No, that is not suggested in any way anywhere within either this article of the paper it discusses. You've made that up yourself.

"'Winds' carrying material between galaxies? And what material were those winds made of?"

Everything. Primarily hydrogen and helium, but the whole point is that they were composed of all heavier elements as well.

"Up to half the mass of our galaxy having traveled here from other galaxies? Ejected by supernovas?"

Yes.

"So half the mass of our Galaxy should have been ejected outwards as well?"

No. As the article clearly states, the flow is primarily from smaller to larger galaxies. Since the Milky Way is the largest galaxy within the distances in question, any outwards flow would have been significantly smaller, although no doubt there was still some transfer.

"Wheer are the trails of matter?"

Between the galaxies. Aside from the intergalactic medium being far too tenuous to actually observe such a flow directly, the article clearly notes (again, you did actually read it, right?) that the study was about the early universe which wouldn't be expected to be the same as today.

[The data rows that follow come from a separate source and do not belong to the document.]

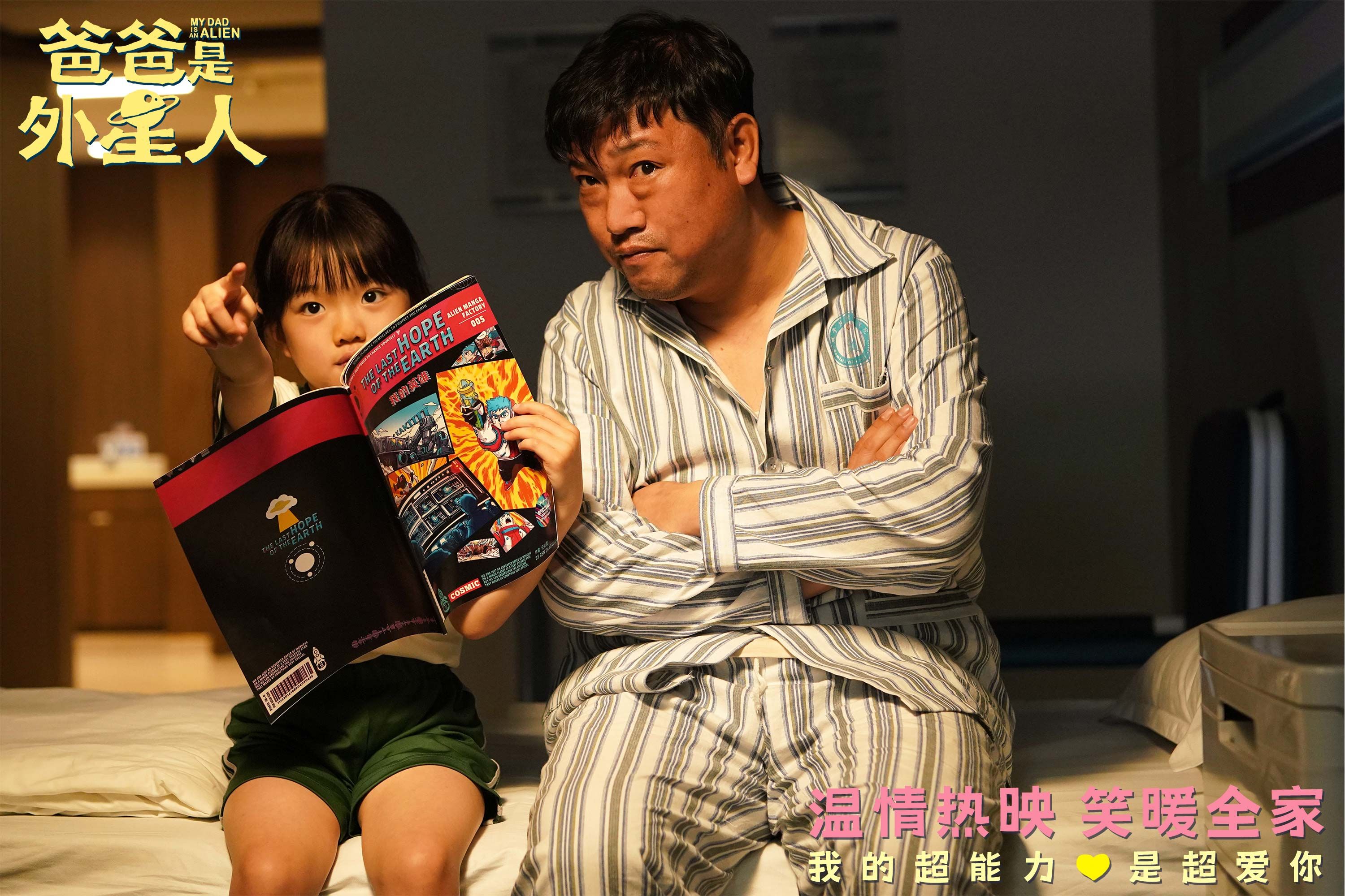 电影以“超能老爸”与女儿搞笑逗趣的日常相处为切入点,将不得已的“分离”包裹在奇妙的“外星人”畅想之中,带领观众一起探索充满欢乐与温暖的“回家”之旅。老金作为一位单身父亲,独自抚养着女儿金今,通过卖炒饭为女儿购买学区房,在得知自己患病之后,选择隐瞒女儿因为他“不知道自己这辈子还有多长”。不管是作为父亲独自撑起生活的压力,还是面对现实离别下隐忍的父爱,含蓄深沉的“中式亲情”在老金身上展现得淋漓尽致。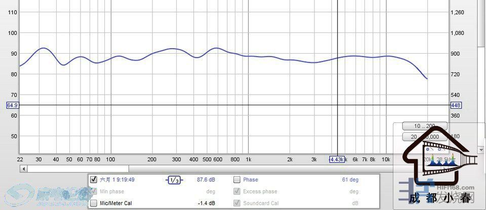 全频响应20HZ-20KHZ基本正负5DB(三分之一精度显示,音箱标原厂频响曲线一般也是3分之1显示 );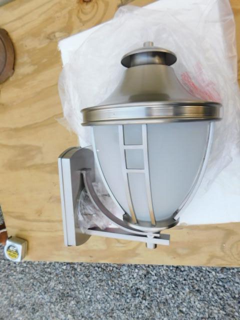 Contemporary Brushed Nickel Finish Outdoor Wall Lantern 16" like new condition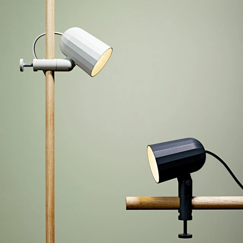 Noc Clip ist eine universelle Klemmleuchte mit einem facettierten Lampenschirm aus Druckguss-Aluminium. Ihr gefräster Aluminiumschaft und ihre Klemme bieten zwei Einstellpunkte, so dass sich die Leuchte an Tischplatten, Regalen oder am Kopfteil vom Bett befestigen lässt. Die Klemmleuchte ist mit einer 300 cm langen Zuleitung mit integriertem Schalter ausgestattet.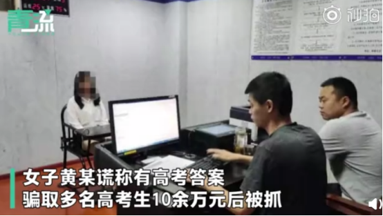 3、高考诈骗受害者3年后诈骗高考生 近日,安徽全椒女子黄某以“出售高考试卷答案”为由,骗取多名高考生10余万元。经讯问,黄某曾于2018年高考前在网上买答案,被骗了几万元。今年年初,黄某因网络赌博欠下巨款,便决定用自己曾经被骗的手段来骗钱。黄某定价每科1.5万元,共有5个省的考生被骗。目前,黄某已被警方依法刑拘。(@青流视频)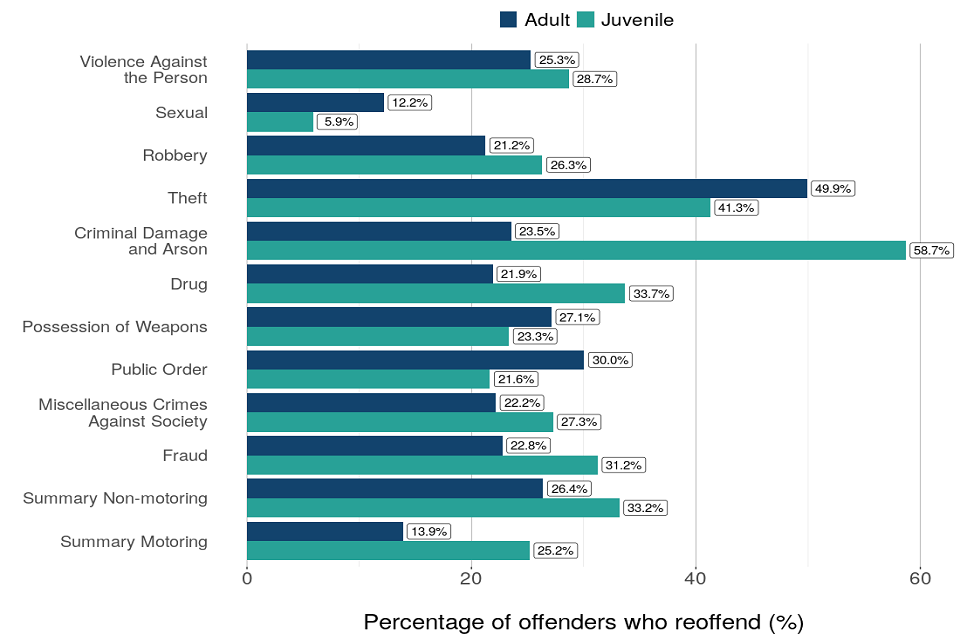 For adult offenders, the highest reoffending rate of 49.9% was for those with an index offence of theft. For juvenile offenders, the highest reoffending rate of 58.7% was for those with an index offence of criminal damage and arson (figure 8).

"How often do supernovas happen? Three have been seen from Earth in the last thousand years, so, not very often."

That's extremely often. We're not even dealing with geological time here, but astronomical. Something that has been observed happening many times locally in the tiny span of modern human history will happen a hell of a lot over the course of several billion years. Secondly, you've again missed the part about the study looking at the early years of the universe; early, low-metallicity stars had much shorter lifespans so the rate of supernovae was much higher at the relevant time. Finally on this point, your number is just plain wrong, probably by an order of magnitude or more. In the last thousand years there have been three supernovae recorded for which we've been able to identify the remains with modern observations. Far more events have been recorded that almost certainly were supernovae but that we can't now prove, and many others would have been missed entirely.

"This isn't scientific, it is just silly."

The paper in question is scientific, your nonsensical rambling that bears no relation to either the paper or the article you're commenting on is silly.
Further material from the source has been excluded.